▶

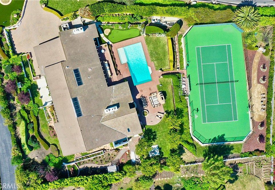 Located in the private guard gated community of Rolling Hills, lies this move-in condition 5 bedroom, 5 bath estate situated on an elevated 1.2 acre lot overlooking city, ocean and mountain views. Massive custom glass double door entry opens to an impressive light filled interior featuring volume ceilings and grand scale throughout. This spacious open concept design showcases, many skylights, volume ceilings, large rooms, and walls of glass to bring the outdoors in. Large picture windows and sliding glass doors are a natural extension of our easy going California Lifestyle. The Chef's delight center island kitchen with Professional Thermador cooktop, full size Sub Zero, and tons of cabinetry, opens to a sunny eat-in area and spacious great room with fireplace, two story high custom built in bookshelves and views of the expansive entertainer's yard. Elegant formal dining room, step down living room with another fireplace, and a grand piano terrace under multiple skylights. There are four generous sized ensuite bedrooms plus a sumptuous primary suite with fireplace, spa style bath with soaking tub, and huge walk-in-closet. Private entertainers backyard complete with outdoor sitting areas, fireplace, built-in BBQ, putting green, rose garden & orchard, bar area with 3 refrigerators, and an inviting pool with a beach shelf, and ample grassy play area plus a north/south tennis court. Expansive 3 car garage with lots of storage and a paver driveway. Community offerings include pickle ball courts, tennis courts, multiple horse arenas and miles of riding trails. Serviced by the award winning Palos Verdes School District and located within minutes from Rolling Hills Country Club, The Jack Kramer Club, Trump Golf Course and Terranea Resort.
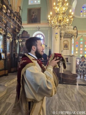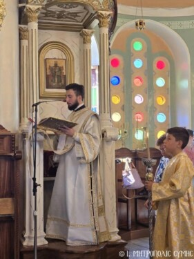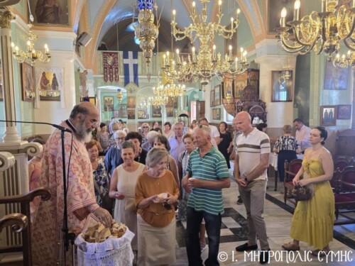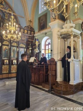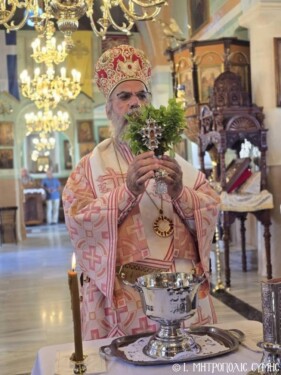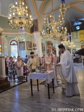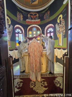 Τήν 6ῃ Ἰουλίου 2025, Κυριακή Δ΄ Ματθαίου, ὁ Σεβ. Μητροπολίτης Σύμης κ. Χρυσόστομος σύμφωνα μέ τό ἀνακοινωθέν πρόγραμμά του, χοροστάτησε στόν Ὄρθρο, τέλεσε τόν Ἁγιασμό τοῦ ἀρξαμένου νέου μηνός καί τήν Θ. Λειτουργία στόν Ἱ. Ἐνοριακό Ναό Εὐαγγελισμοῦ Θεοτόκου Σύμης, μέ συλλειτουργούς του τόν Ἐφημέριο π. Ἀντώνιο Μανιᾶ καί τόν Ἱεροδιάκονο π. Παῦλο Τερεζάκη. Τήν ἱ. ὑμνωδία ἀπέδωσαν ἐναρμονίως οἱ Ἱεροψάλτες κ. Ἀγαπητός Μιχελλής, κ. Δημοσθένης Γιανναρᾶς καί κ. Ἐλευθέριος Ξηράκης.
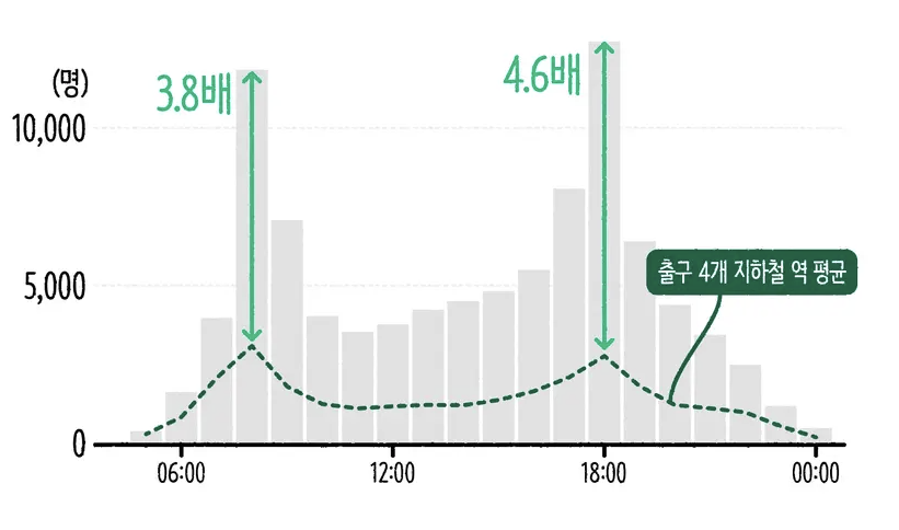 문제는 이렇게 많은 인원이 같은 출구를 통해 역을 드나든다는 점인데요. 성수역에는 총 4개의 출구가 설치되어 있습니다. 사례에서는 성수역과 같이 출구가 4개인 다른 역들의 평일 평균 이용객 수를 점선의 라인 차트로 나타냈는데요. 막대 차트와 라인 차트의 높이를 비교하면, 출퇴근 시간대에 이용객 수의 차이가 가장 큰 것을 파악할 수 있습니다. 퇴근 시간대인 오후 6~7시에는 성수역이 비슷한 규모의 다른 역들에 비해 4.6배나 많은 이용객을 수용하고 있네요!
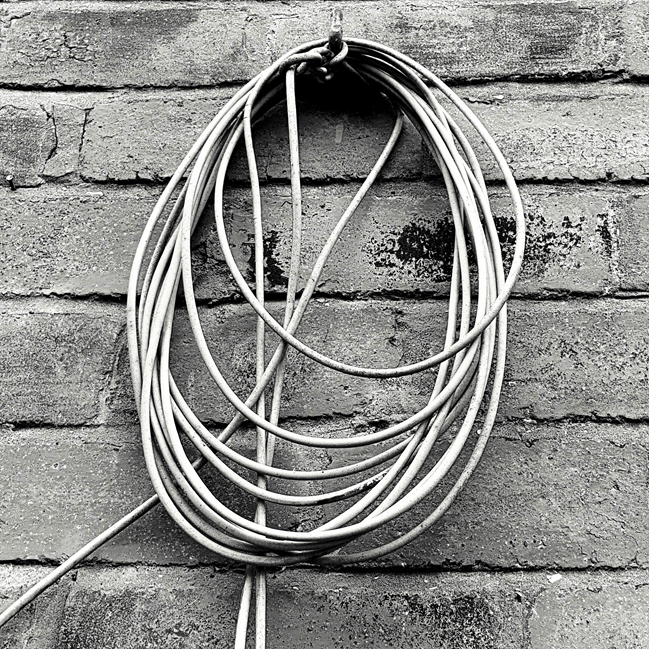 Only it isn’t ropey at all… it’s an old, broken, weathered washing line hanging on a wall. It also appears to have three ends in this photo… which, in all reality, it probably doesn’t.
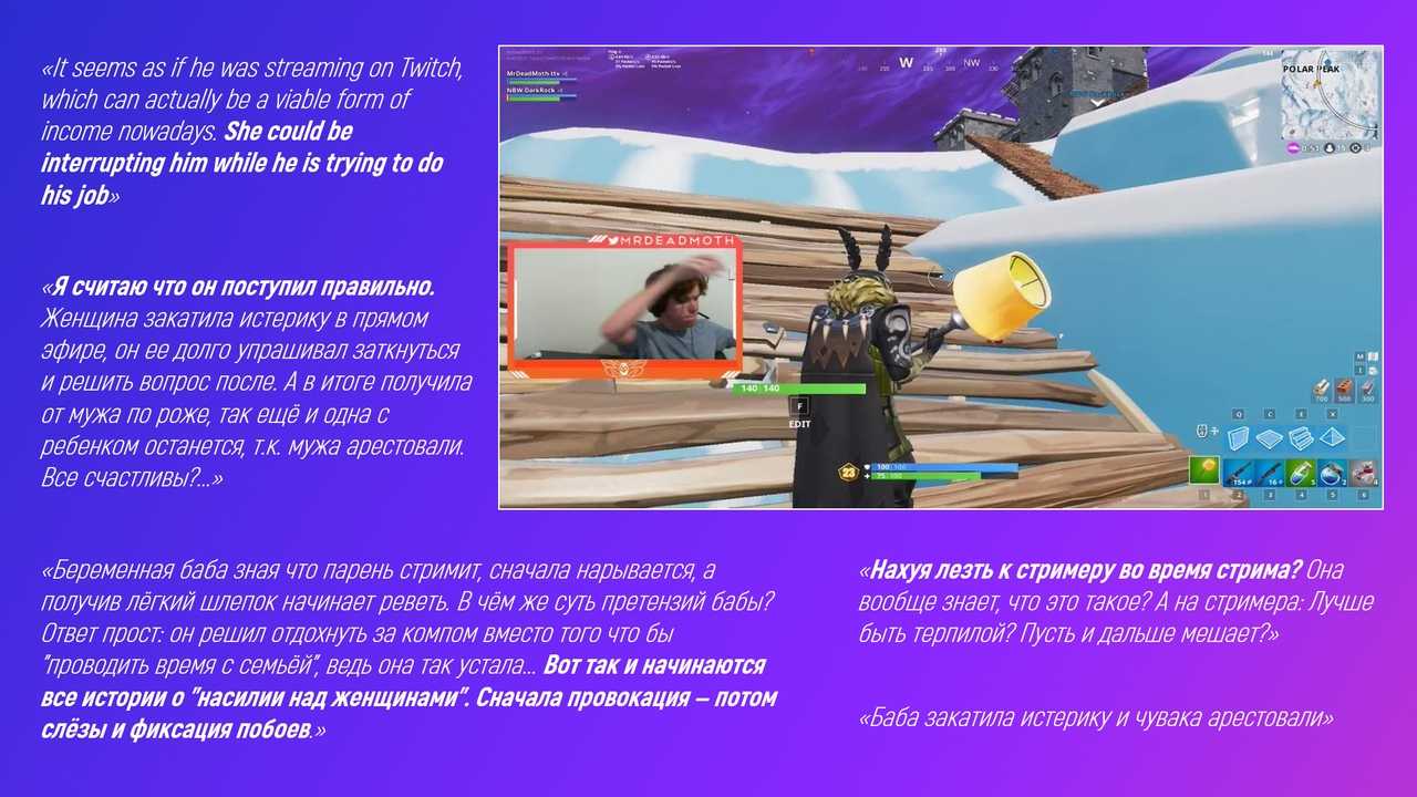Бьют геймеры женщин не только в играх, защищают право свое на насилие и в реальности. В начале этого месяца игрок избил свою беременную жену во время своей онлайн трансляции на Twitch, ведь она отвлекала его от игры тем, что позвала на обед. Его арестовали. Но на этом история не заканчивается. В поддержку «спровоцированного» «добытчика» семьи были написаны сотни комментариев, обвиняющие его жену.

◀

**ACTIVITY:** Give back the records exactly, minus any pictures.

**RESPONSE:**
 Located in the private guard gated community of Rolling Hills, lies this move-in condition 5 bedroom, 5 bath estate situated on an elevated 1.2 acre lot overlooking city, ocean and mountain views. Massive custom glass double door entry opens to an impressive light filled interior featuring volume ceilings and grand scale throughout. This spacious open concept design showcases, many skylights, volume ceilings, large rooms, and walls of glass to bring the outdoors in. Large picture windows and sliding glass doors are a natural extension of our easy going California Lifestyle. The Chef's delight center island kitchen with Professional Thermador cooktop, full size Sub Zero, and tons of cabinetry, opens to a sunny eat-in area and spacious great room with fireplace, two story high custom built in bookshelves and views of the expansive entertainer's yard. Elegant formal dining room, step down living room with another fireplace, and a grand piano terrace under multiple skylights. There are four generous sized ensuite bedrooms plus a sumptuous primary suite with fireplace, spa style bath with soaking tub, and huge walk-in-closet. Private entertainers backyard complete with outdoor sitting areas, fireplace, built-in BBQ, putting green, rose garden & orchard, bar area with 3 refrigerators, and an inviting pool with a beach shelf, and ample grassy play area plus a north/south tennis court. Expansive 3 car garage with lots of storage and a paver driveway. Community offerings include pickle ball courts, tennis courts, multiple horse arenas and miles of riding trails. Serviced by the award winning Palos Verdes School District and located within minutes from Rolling Hills Country Club, The Jack Kramer Club, Trump Golf Course and Terranea Resort.
 Τήν 6ῃ Ἰουλίου 2025, Κυριακή Δ΄ Ματθαίου, ὁ Σεβ. Μητροπολίτης Σύμης κ. Χρυσόστομος σύμφωνα μέ τό ἀνακοινωθέν πρόγραμμά του, χοροστάτησε στόν Ὄρθρο, τέλεσε τόν Ἁγιασμό τοῦ ἀρξαμένου νέου μηνός καί τήν Θ. Λειτουργία στόν Ἱ. Ἐνοριακό Ναό Εὐαγγελισμοῦ Θεοτόκου Σύμης, μέ συλλειτουργούς του τόν Ἐφημέριο π. Ἀντώνιο Μανιᾶ καί τόν Ἱεροδιάκονο π. Παῦλο Τερεζάκη. Τήν ἱ. ὑμνωδία ἀπέδωσαν ἐναρμονίως οἱ Ἱεροψάλτες κ. Ἀγαπητός Μιχελλής, κ. Δημοσθένης Γιανναρᾶς καί κ. Ἐλευθέριος Ξηράκης.
 문제는 이렇게 많은 인원이 같은 출구를 통해 역을 드나든다는 점인데요. 성수역에는 총 4개의 출구가 설치되어 있습니다. 사례에서는 성수역과 같이 출구가 4개인 다른 역들의 평일 평균 이용객 수를 점선의 라인 차트로 나타냈는데요. 막대 차트와 라인 차트의 높이를 비교하면, 출퇴근 시간대에 이용객 수의 차이가 가장 큰 것을 파악할 수 있습니다. 퇴근 시간대인 오후 6~7시에는 성수역이 비슷한 규모의 다른 역들에 비해 4.6배나 많은 이용객을 수용하고 있네요!
 Only it isn’t ropey at all… it’s an old, broken, weathered washing line hanging on a wall. It also appears to have three ends in this photo… which, in all reality, it probably doesn’t.
Бьют геймеры женщин не только в играх, защищают право свое на насилие и в реальности. В начале этого месяца игрок избил свою беременную жену во время своей онлайн трансляции на Twitch, ведь она отвлекала его от игры тем, что позвала на обед. Его арестовали. Но на этом история не заканчивается. В поддержку «спровоцированного» «добытчика» семьи были написаны сотни комментариев, обвиняющие его жену.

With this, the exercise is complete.